People can be crazy and irrational both in and out of love. There’s a colossal stubbornness in any individual that can make meaningful connection of any kind absurdly difficult. The fact that we manage to muddle along in life in love in spite of all of this lies at the center of John  Patrick Shanley’s Outside Mullingar. Next Act Theatre opens its 2018-19 theatre season with a production of the comedic drama featuring a quartet of talented Milwaukee theatre veterans.

Set in rural Ireland, the play opens as a father and son muse on the passing of an old neighbor. James Pickering carries a whimsically playful apathy about him as the father...a man named Tony who is convinced that he hasn’t long to live. He fully accepts his impending death. It might as well casually written on a calendar somewhere. He has very defined ideas on how things will be handled after his death and he will not be moved. With Pickering’s charm, the character’s obstinance never comes across as cold. There’s a certainty about his performance that suggests a great depth worn from walking the same patch of land for many, many decades.

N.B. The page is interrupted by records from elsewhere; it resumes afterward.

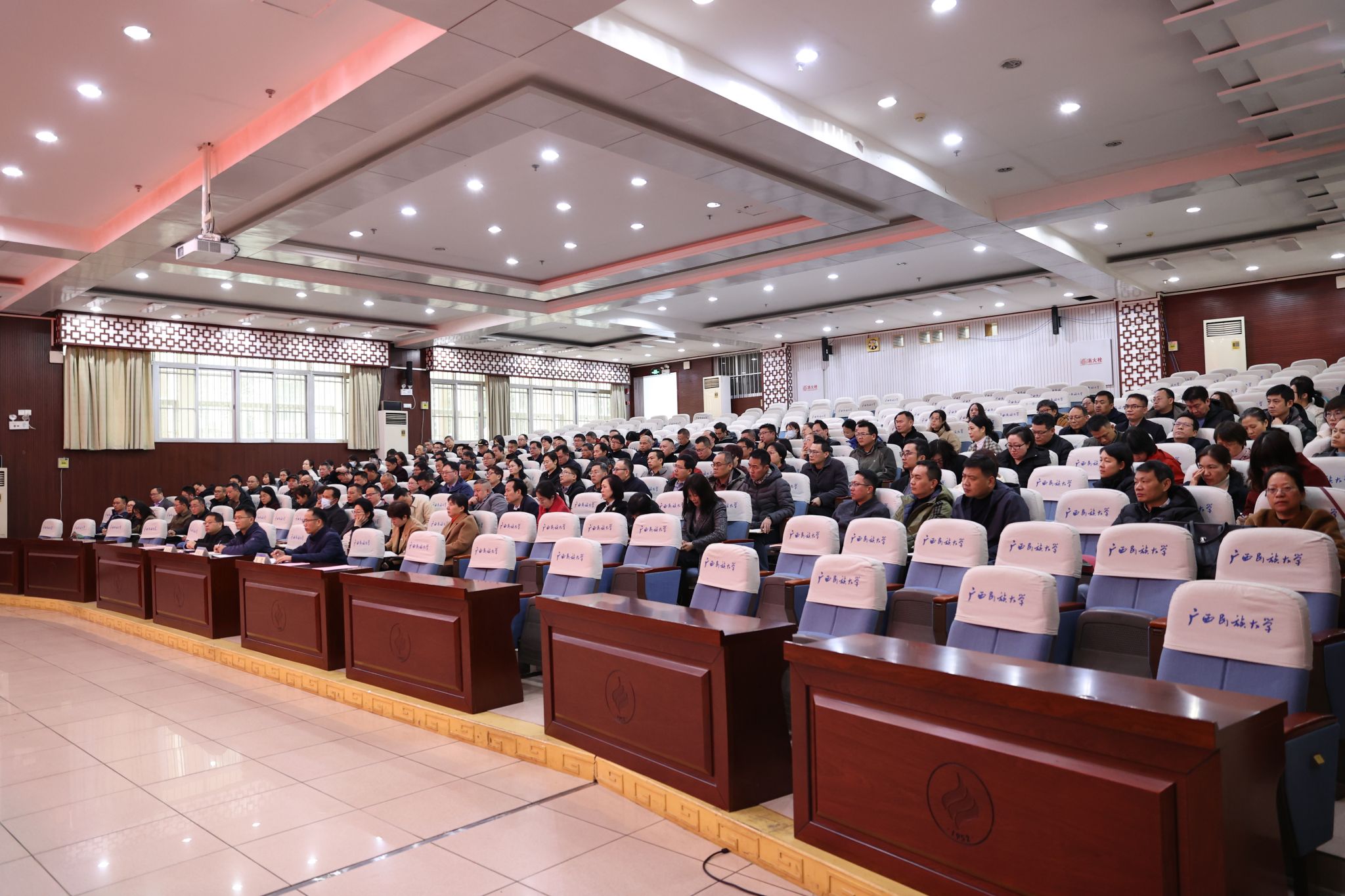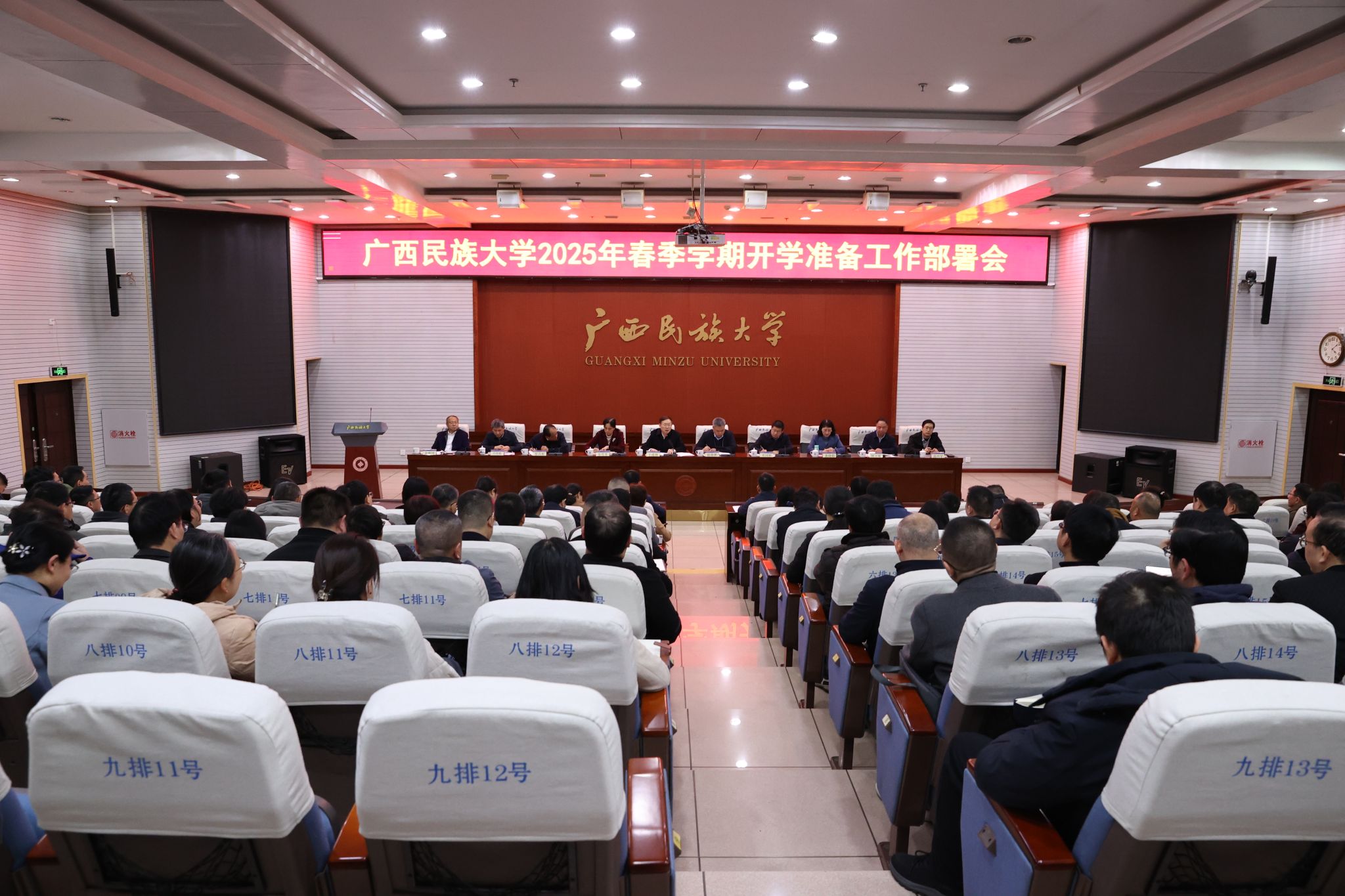 2月19日下午,广西民族大学在科技楼报告厅召开2025年春季学期开学准备工作部署会,学校党委书记卞成林出席会议并讲话,全体在家校领导及全体中层领导干部参加会议。
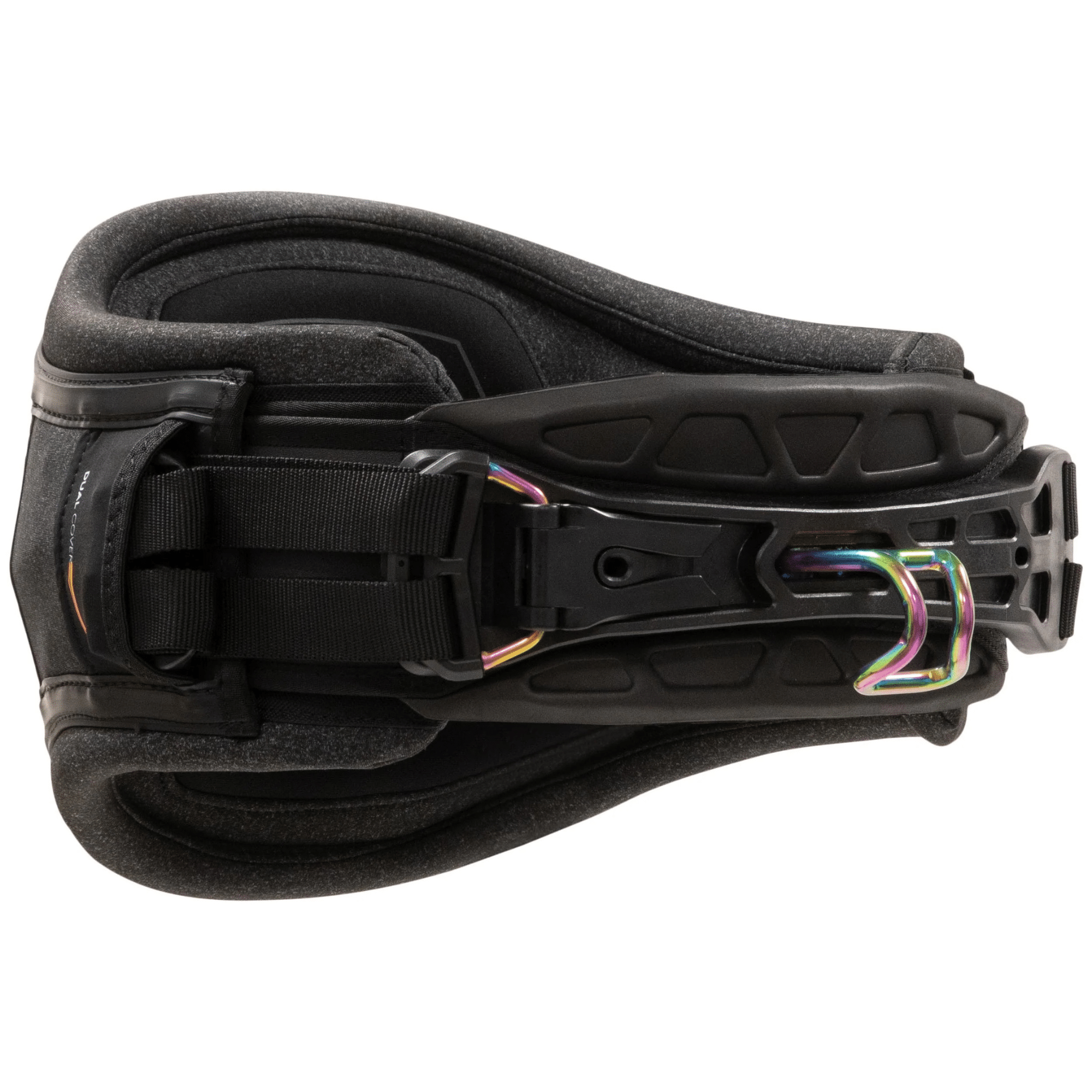 Vapor, pure tm pre-shaped moulded hardshell kiteboarding harness. The most extreme, full support harness ever. Full neoprene inside and build on our proven shell construction combining a shaped back support directly to our bar for perfect load distribution and the ideal fit. Made out of a pure tm composite with flex-gen memory foam. Delivered with our unique titanium electroplated Alpha bar combined with the original molded slide in Barpad System prevents the bar to ride up.
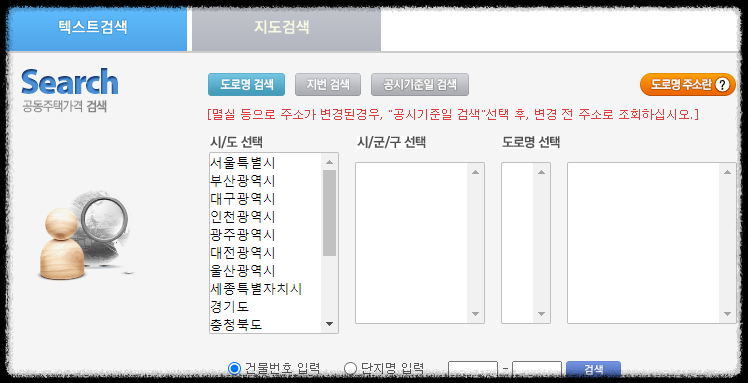 도로명 주소나 지번 정보를 알고 있다면, 텍스트 검색을 통해 공동주택가격을 빠르게 찾을 수 있습니다. 부동산 공시가격 알리미 메인화면에서 좌측상단의 "공동주택공시가격"을 클릭합니다. 그리고 "공동주택가격 열람"을 선택합니다. 입력란에 도로명 주소나 지번 정보를 입력하고 검색 버튼을 클릭하면 해당 공동주택의 가격 정보를 확인할 수 있습니다.
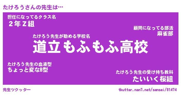 | ファンタジー風あだ名 | 『タケフェル』『エターナルタケロウー』 |
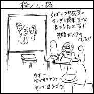 さて、会場内企画は2つ。1つは毎年2月恒例の文星芸術大学卒業制作展と共に行われる「ちばてつや教授のマンガの授業」。もう1つは一昨年ぶりの「ゲンロン ひらめき☆マンガ教室」。アトリウムのステージを時間帯で分けて開催しました。どちらも描き手にとって気になる企画となり、とくに前者は立ち見も出る好評ぶりでした。
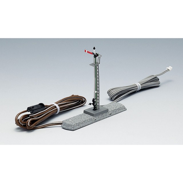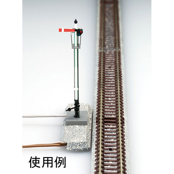●信号ランプを夜間用に点灯可能(実物の腕木信号機のランプは周囲が明るいときは消灯しています)、白色LEDを使用し実物同様にカラーレンズを通すことにより腕木が水平時に赤、斜め下降時に青に色灯が変わる
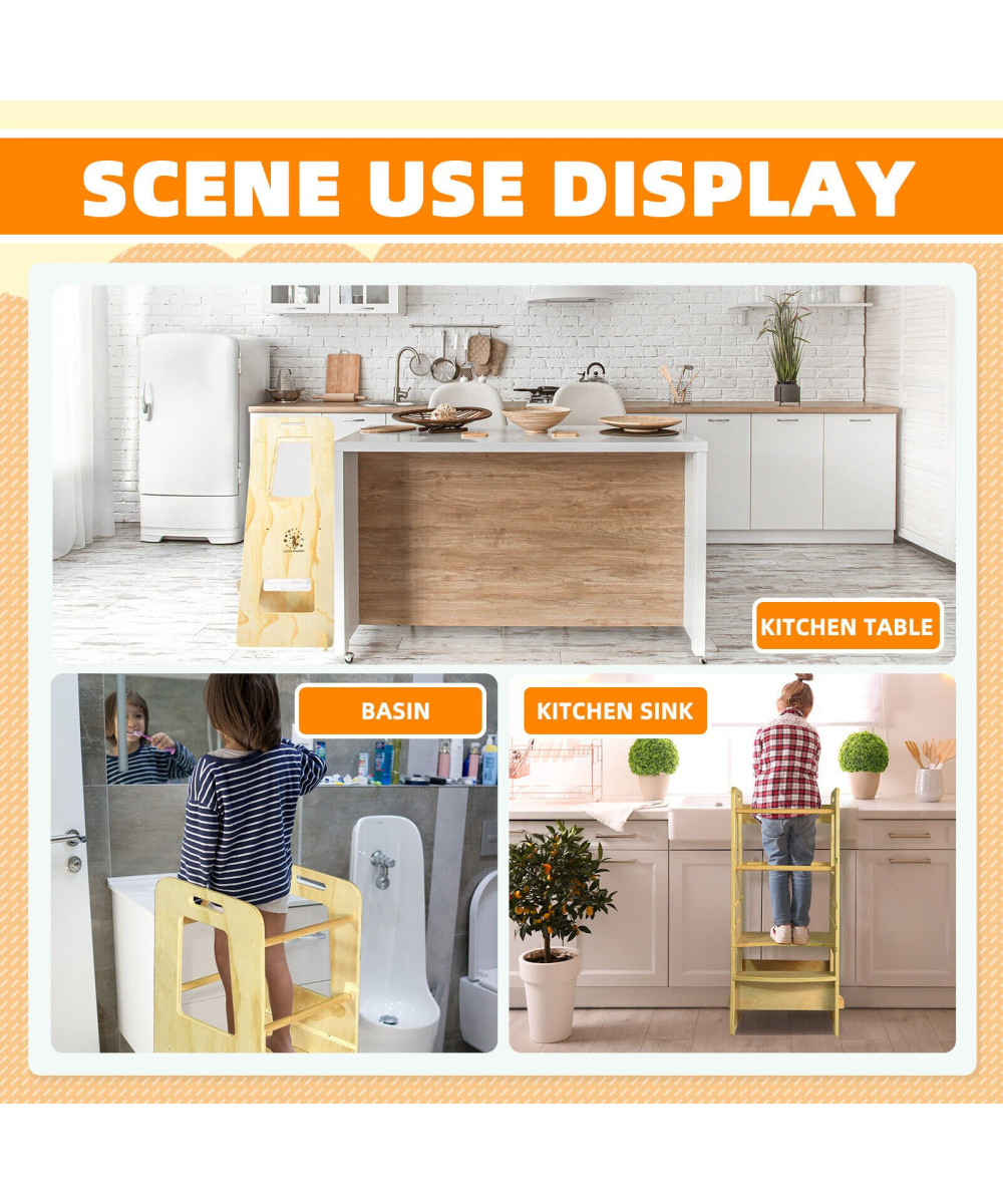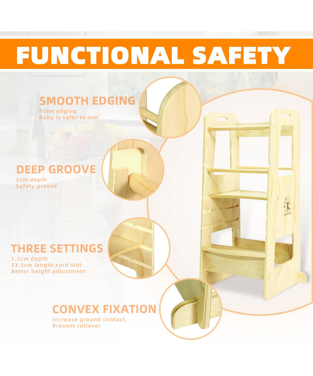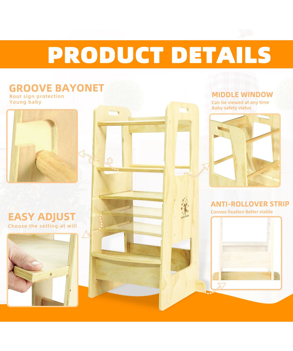 Der Montessori-Lernturm ist nicht nur ein Möbelstück – er macht Kindern eine Welt voller unbekannter und interessanter Erfahrungen zugänglich. Mit besserer Sicht und leichterem Zugang können sie an täglichen Aktivitäten beteiligt werden: Backen, Mixen, Essen zubereiten, Aufräumen oder andere praktische Situationen. Auf diese Weise kann er das Selbstwertgefühl stärken, Selbstständigkeit und Selbstbewusstsein entwickeln und die motorische Koordination perfektionieren.
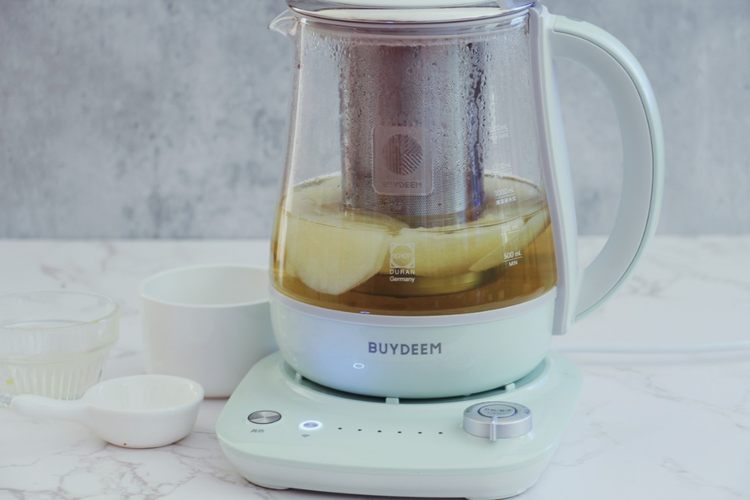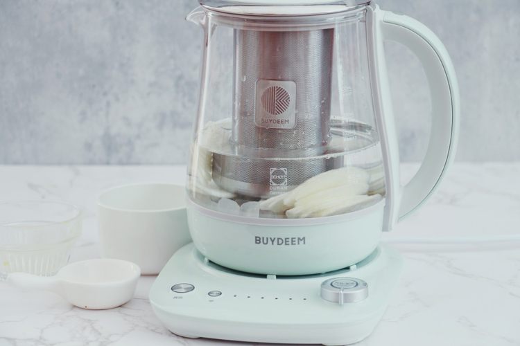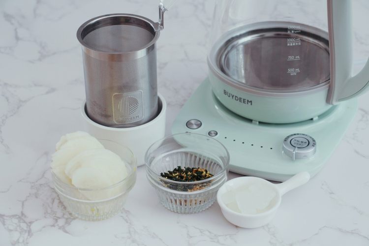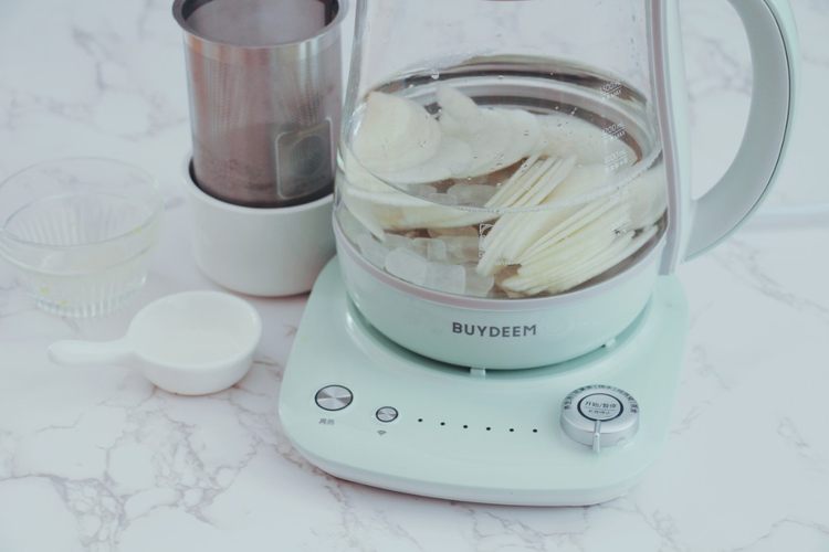 这道桂花雪梨乌龙茶喝起来味道温和,桂花的香若隐若现,雪梨的润清甜可口,茶的甘醇厚幽长,三者在养生壶的温柔煮制中达到了完美融合。花果茶的用料也很容易获得,在家或在办公室都很适合煮制。
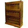 Antique American oak stacking bookcase three section by Weis Co. with nice quarter sawn grain and leaded glass fronts. Measeures 43" X 34".
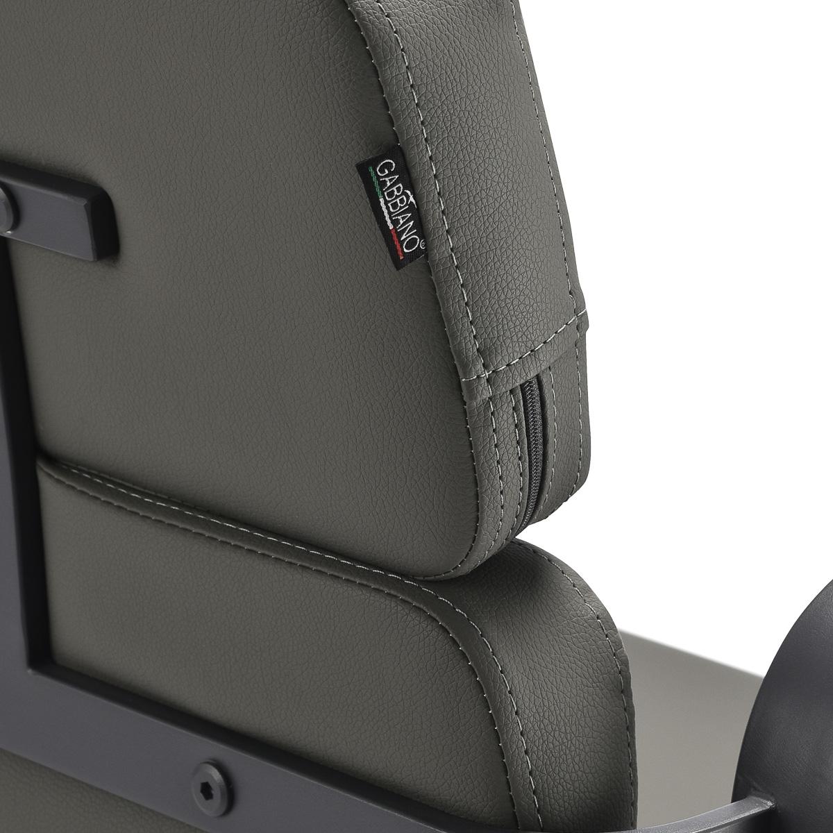 Wypełnienie z trwałej, odpornej na odkształcenia pianki oraz obicie wykonane z przyjemnej w dotyku skóry syntetycznej zapewniają trwałość mebla i jego komfortowe użytkowanie przez długi czas. Sprawiają również, że sprzęt jest odporny na wilgoć, wytrzymały oraz łatwy do czyszczenia. Pokrycie w odcieniach szarości nadaje mu wyjątkowego charakteru. Sprzęt wyróżnia nowoczesny design, który sprawia, że fotel będzie doskonale prezentować się w wielu profesjonalnych salonach.

David Cecsarini puts in an earthy performance as his son Anthony--a man working the land who keeps largely to  himself. There’s some suggestion that Anthony might be suffering from a quiet bit of madness that his father keeps talking about. Cescarini does a brilliant job of playing caution against something far deeper in his psyche that he terrified to bring to the surface. It’s a very cleverly layered performance that casts some remarkable complexity into a character who could easily otherwise come across as being nothing more than socially inert.  

Carrie Hitchcock puts in a performance that is similarly layered in complexity. She’s playing the neighbor widow Aoife with a great warmth and stillness. Hitchcock’s thoughtful posture is highlighted by the very studied movements of a woman significantly older than she. Like Tony, she’s perfectly well ready for her own end and seems whimsically contented with the end of it all for her. Hitchcock plays at restful wit and wisdom. When it becomes apparent that Tony might not leave the farm to his son Anthony, Aoife casts some light into matters  that prove to be quite complicated. There may be some question of what will happen to Tony’s land, but Aoife is absolutely certain that HER farm will go to her daughter  Rosemary.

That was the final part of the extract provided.